LAWS(CHH)-2023-8-73

ASHOK KENWAT Vs. STATE OF CHHATTISGARH

Decided On August 02, 2023
Ashok Kenwat Appellant
V/S
STATE OF CHHATTISGARH Respondents

JUDGEMENT

(1.) Shyambai, Kuntibai (acquitted co-accused persons) and present appellant Ashok Kenwat were apprehended for offences under Ss. 302 & 201 read with Sec. 34 of the IPC alleging that on 23/6/2012 at Village Bandabri, Police Station Basna, they have in furtherance of their common intention, assaulted Lakhpati, S/o Ganeshram Kanwar (now deceased) by blunt side of axe and in order to screen themselves from the aforesaid offence, they left the dead body near the road and thereby committed the offence. Upon investigation, accused Shyambai & Kuntibai were charge-sheeted and the present appellant was also charge-sheeted but in abscondence. Consequently, Shyambai & Kuntibai were tried in Sessions Trial No.91/2012 and acquitted by judgment dtd. 13/3/2013 passed by the 1st Additional Sessions Judge, Mahasamund in that trial in which two witnesses namely, Tilakram & Punitram were also examined by the then trial Court. Thereafter, the present appellant was apprehended on 18/19/6/2013 and supplementary charge-sheet was filed on 2/7/2013 and accordingly, charges were framed against the present appellant on 24/10/2013 and he was put to trial by the Additional Sessions Judge, Saraipali, District Mahasamund in Sessions Trial No.8/2014 in which except one memorandum of the present appellant dtd. 18/6/2013 (Ex.P-3), all the witnesses from PW-1 to PW-11 were examined afresh and Ex.P-3 - memorandum of the present appellant, was brought on record. On 18/6/2013, the present appellant was arrested vide arrest memo Ex.P-22. However, rest of the documents of the earlier trial were relied upon by the trial Court in this sessions trial initiated against the present appellant.

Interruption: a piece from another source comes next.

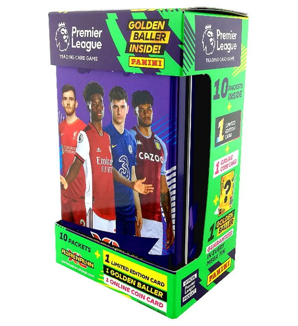 Tin “Lila” aus der “Panini Premier League 2021/22 Adrenalyn XL” Trading Cards Kollektion. Die Classic Tin enthält 48 Karten + 1 Limited Edition Card + 1 Golden Baller Card.

(2.) Though the trial Court has recorded the statements of all the witnesses separately afresh in this trial, but by order dated 5-5- 2015, the trial Court held that counsel appearing for the accused was asked to cross-examine the witnesses in the present trial with reference to their previous statements made in S.T. No.91/2012, however, he expressed that he does not wish to cross-examine them and thereafter, the trial Court relying upon the earlier statements of the two witnesses namely, Tilakram & Punitram examined in S.T.No.91/2012 against the two coaccused persons, convicted the appellant herein for offences under Ss. 302 & 201 of the IPC and sentenced him to undergo imprisonment for life & pay fine of ? 2,000/-, in default, additional rigorous imprisonment for one year and rigorous imprisonment for thee years & fine of ? 1,000/-, in default, additional rigorous imprisonment for six months, respectively, by judgment dtd. 18/6/2015 passed by the Additional Sessions Judge, Saraipali, District Mahasamund in Sessions Trial No.8/2014, against which this appeal has been preferred by the appellant herein under Sec. 374(2) of the CrPC.

(3.) Mrs. Indira Tripathi, learned counsel appearing for the appellant, would submit that the trial Court is absolutely unjustified in taking into account the previous statements of Tilakram (PW-2) & Punitram (PW-5) in the present case, as they have not supported the case of the prosecution and one of the witnesses Punitram (PW-5) has stated that he has not seen the incident, as such, the appellant had no right and opportunity to cross-examine these two witnesses in the earlier trial, as he was not appearing in that trial, therefore, by virtue of the second proviso to Sec. 33 of the Indian Evidence Act, 1872, the previous statements of these two witnesses were inadmissible in evidence and the trial Court has grossly erred in applying Sec. 33 relying upon the statements of the witnesses namely, Tilakram (PW-2) & Punitram (PW-5), however, it is not the case where Sec. 299 of the Code of Criminal Procedure, 1973 was applied as neither the present accused was declared absconded nor it has been recorded that the witnesses were not found, as they have been examined conveniently in this sessions trial. Therefore, reliance placed by the trial Court upon the previous statements of Tilakram (PW-2) & Punitram (PW-5) deserves to be excluded and excluding their two versions, there is no other evidence on record to hold the appellant herein guilty of the offence, as nothing has been seized from the possession of the appellant and there is no other evidence evidence against him. As such, the appeal deserves to be allowed and the appellant deserves to be acquitted.